Tardive dyskinesia most commonly occurs in people with psychiatric conditions who are treated with antipsychotic medications for many years. The average rate of people affected has been estimated to be around 30% for individuals taking antipsychotic medication, such as that used to treat schizophrenia. A study being conducted at the Yale University School of Medicine has estimated that "32% of people develop persistent tics after 5 years on major tranquilizers, 57% by 15 years, and 68% by 25 years." More drastic data was found during a longitudinal study conducted on individuals 45 years of age and older who were taking antipsychotic drugs. According to this research study, 26% of people developed tardive dyskinesia after just one year on the medication. Another 60% of this at-risk group developed the disorder after 3 years, and 23% developed severe cases of tardive dyskinesia within 3 years. According to these estimates, the majority of people will eventually develop the disorder if they remain on the drugs long enough.

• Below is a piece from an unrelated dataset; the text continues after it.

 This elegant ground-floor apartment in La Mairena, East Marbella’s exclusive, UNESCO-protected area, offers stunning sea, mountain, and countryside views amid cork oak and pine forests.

Elderly people are more prone to develop tardive dyskinesia, and elderly women are more at-risk than elderly men. The risk is much lower for younger men and women, and also more equal across the sexes. People who have undergone electroconvulsive therapy or have a history of diabetes or alcohol abuse also have a higher risk of developing tardive dyskinesia.

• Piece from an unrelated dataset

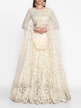 Ivory embellished lehenga set embroidered with mirror and resham work; paired with a tonal net dupatta

Several studies have recently been conducted comparing the number of people affected of tardive dyskinesia with second generation, or more modern, antipsychotic drugs to that of first generation drugs. The newer antipsychotics appear to have a substantially reduced potential for causing tardive dyskinesia. However, some studies express concern that the number of people affected has decreased far less than expected, cautioning against the overestimation of the safety of modern antipsychotics.

A physician can evaluate and diagnose a person with tardive dyskinesia by conducting a systematic examination. The physician should ask the person to relax, and look for symptoms like facial grimacing, eye or lip movements, tics, respiratory irregularities, and tongue movements. In some cases, people experience nutritional problems, so a physician can also look for a gain or loss in weight.

Apart from the underlying psychiatric disorder, tardive dyskinesia may cause afflicted people to become socially isolated. It also increases the risk of body dysmorphic disorder (BDD) and can even lead to suicide. Emotional or physical stress can increase the severity of dyskinetic movements, whereas relaxation and sedation have the opposite effect.